*Task goal*:
Please output, exactly and without pictures, the lines from the opening of the listing below through the line containing "- Lebensmittel und", both included.

(Beginning of Data for processing)

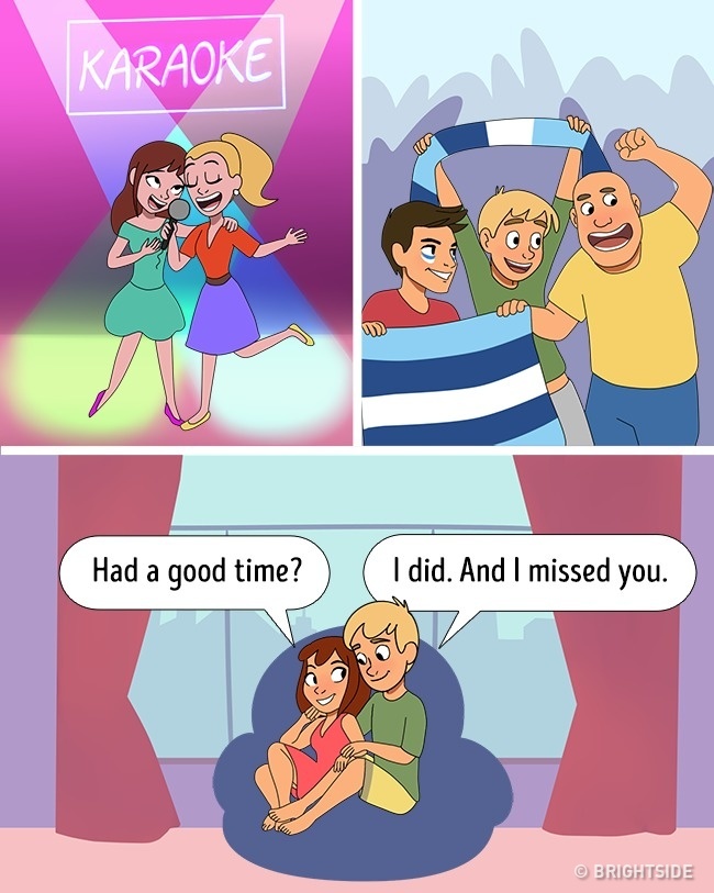 我們都有不同的人格、興趣和朋友圈。如果你的伴侶愛好釣魚與大自然,而你喜歡打保齡球和熱鬧聚會,不要因為他沒邀你去湖邊就往心裡去,他肯定還記得你上次覺得很無聊。
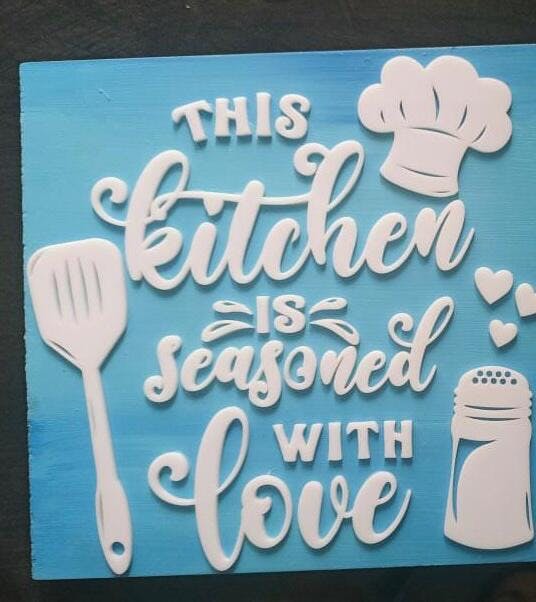This Kitchen Is Seasoned With Love Hand-Painted Wooden Kitchen Wall Hanging - Blue
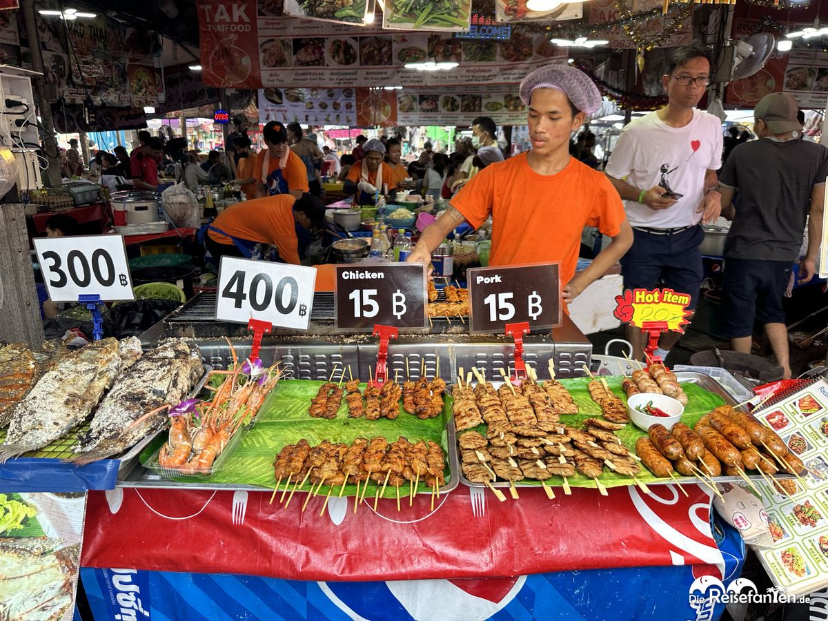 - Lebensmittel und Getränke: Es gibt zahlreiche Stände mit thailändischen Snacks, frischen Früchten, Straßenessen und Getränken.
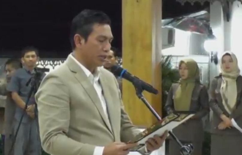 SIGAP91NEWS.COM | BATANG HARI – Pelantikan,pengukuhan dan pengambilan sumpah janji Jabatan Pimpinan Tinggi(JPT) pratama di lingkungan pemerintah Kabupaten Batang Hari Nomor :005/254/BKPSDMD terselenggara diserambi rumah dinas Bupati Batang Hari jumat malam(03/02/23)
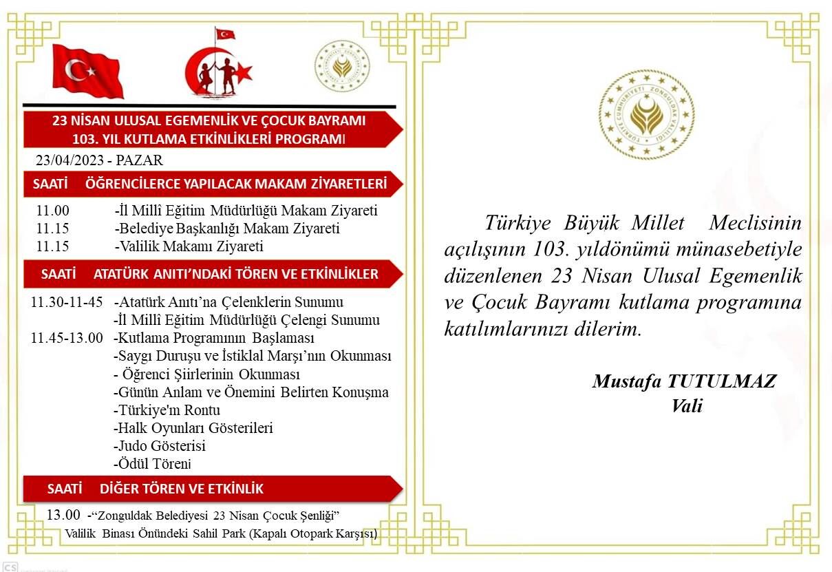 Kutlama programı tören alanında çelenk sunumu ile devam edecek. Program öğrenci şiirlerinin okunması, günün anlam ve önemini belirten konuşmalarının ardından halk oyunu ve judo gösterileri sergilenecek. Ödül töreninin ardından kutlama programı sona erecek.
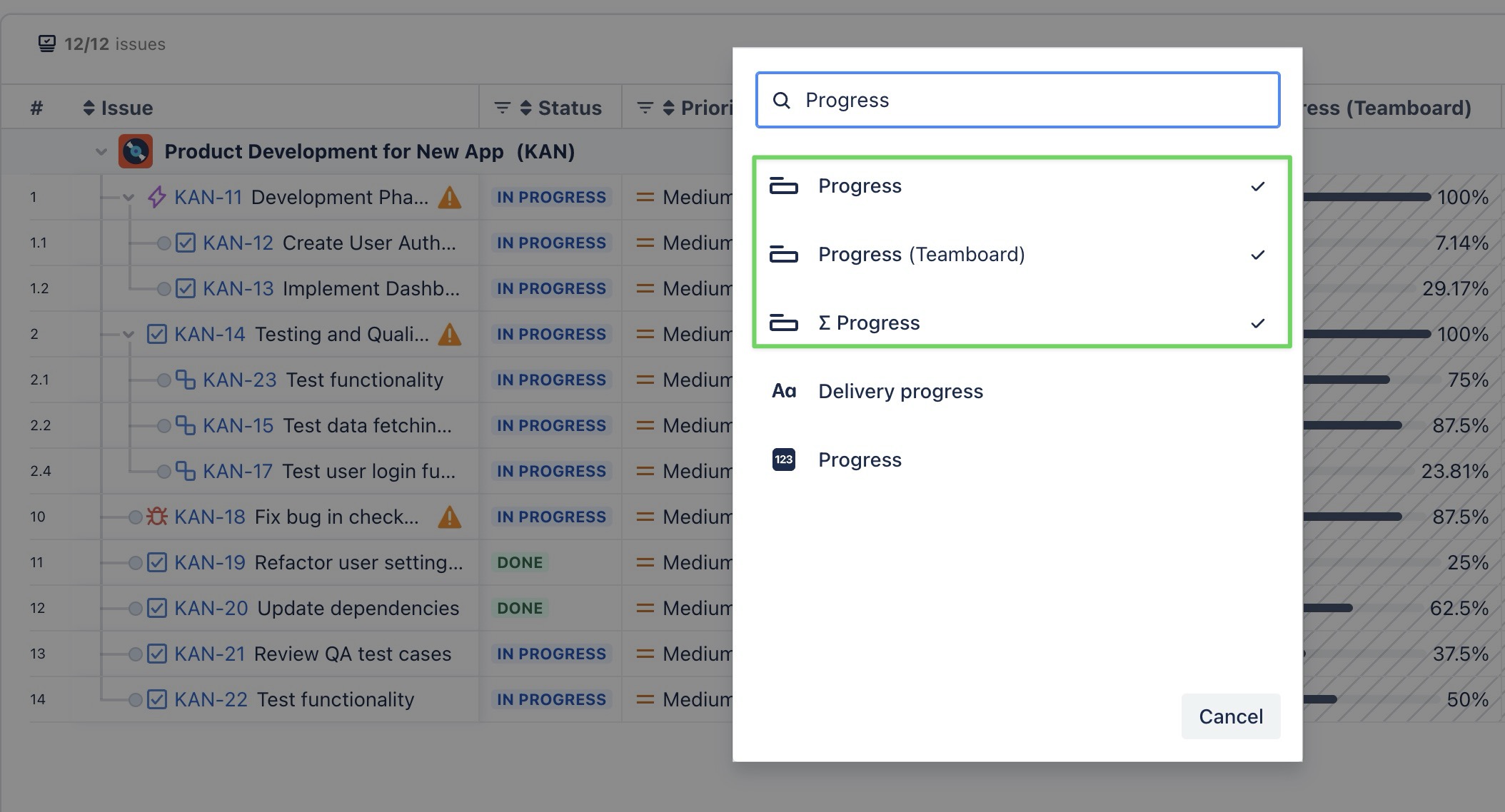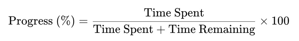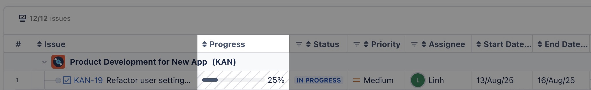 Progress: This field reflects the progress of a work item, calculated by Jira using its native time tracking mechanism. It provides an accurate measure of progress based on Jira’s time tracking data.
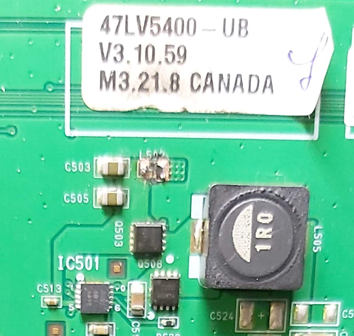 I'm not ready to troubleshoot this board yet because there is a visible component failure. L502 blew! Can anyone tell me the value of this inductor? I tried reaching out to the folks who sell the repair kits for this board and they said that component is not a common failure item.
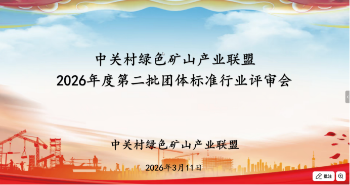 2026年3月11日,中绿盟 2026 年度第二批团体标准行业评审会以线上形式顺利召开。本次评审会聚焦矿业领域关键技术与产品规范,共有 5 项团体标准参与评审,来自行业内的多位知名专家及标准起草编制团队齐聚云端,为标准的科学性、规范性和实用性把关,助力矿业领域绿色化、智能化、标准化发展。
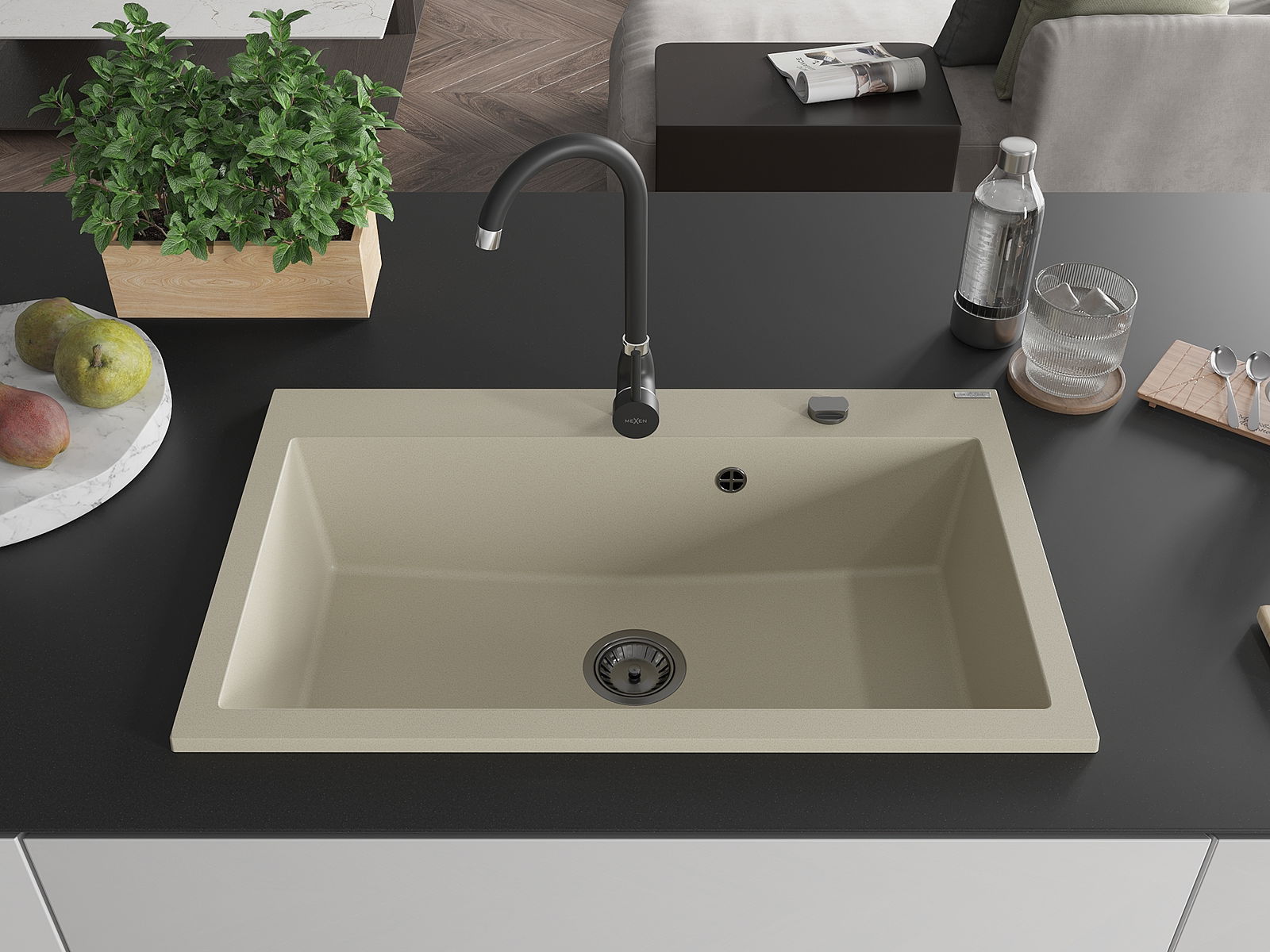 Mexen Elix granitový dřez s 1 komorou 800 x 500 mm, béžový, černý sifon - 6527801005-69-B
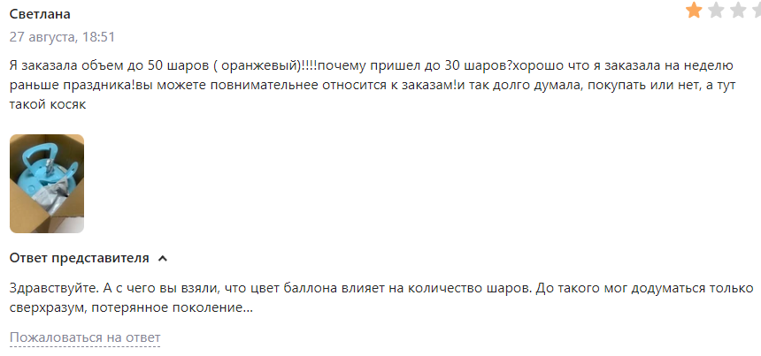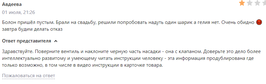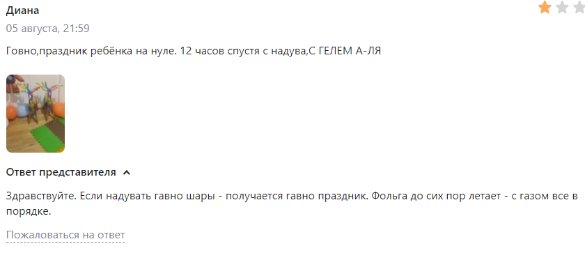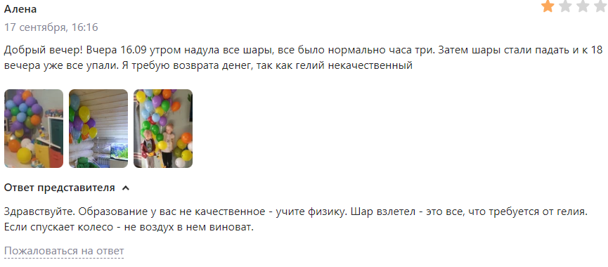 545 justkit Маркетплейсы Ответ на пост «Академия здоровья - крайне вежливая компания»1 2 года назад Наткнулся тут на магазин, торгующий гелием в баллонах, делюсь ответами на отзывы. Отзыв Хамство Длиннопост Скриншот Маркетплейс Ответ на пост 21 4 4 1 Ещё 0
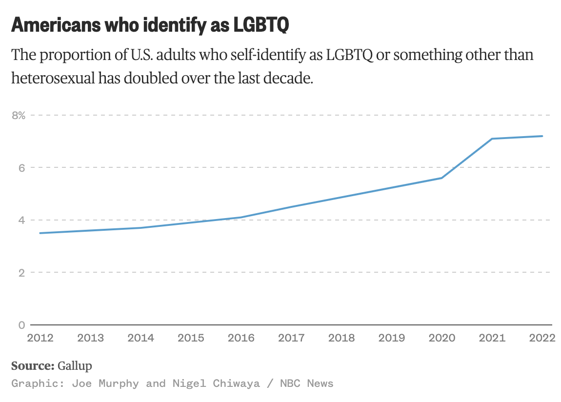 In 2022, 20% of generation Z identified as faggots. With the upcoming generation (which they are trying to call alpha, because I guess Z was omega and now we’re starting over), studies have them as about a third non-hetero. But I’ve talked to kids who say they are the only straight kid at their school.

(End of Data for processing)

*Finished exercise*:
 我們都有不同的人格、興趣和朋友圈。如果你的伴侶愛好釣魚與大自然,而你喜歡打保齡球和熱鬧聚會,不要因為他沒邀你去湖邊就往心裡去,他肯定還記得你上次覺得很無聊。
This Kitchen Is Seasoned With Love Hand-Painted Wooden Kitchen Wall Hanging - Blue
 - Lebensmittel und Getränke: Es gibt zahlreiche Stände mit thailändischen Snacks, frischen Früchten, Straßenessen und Getränken.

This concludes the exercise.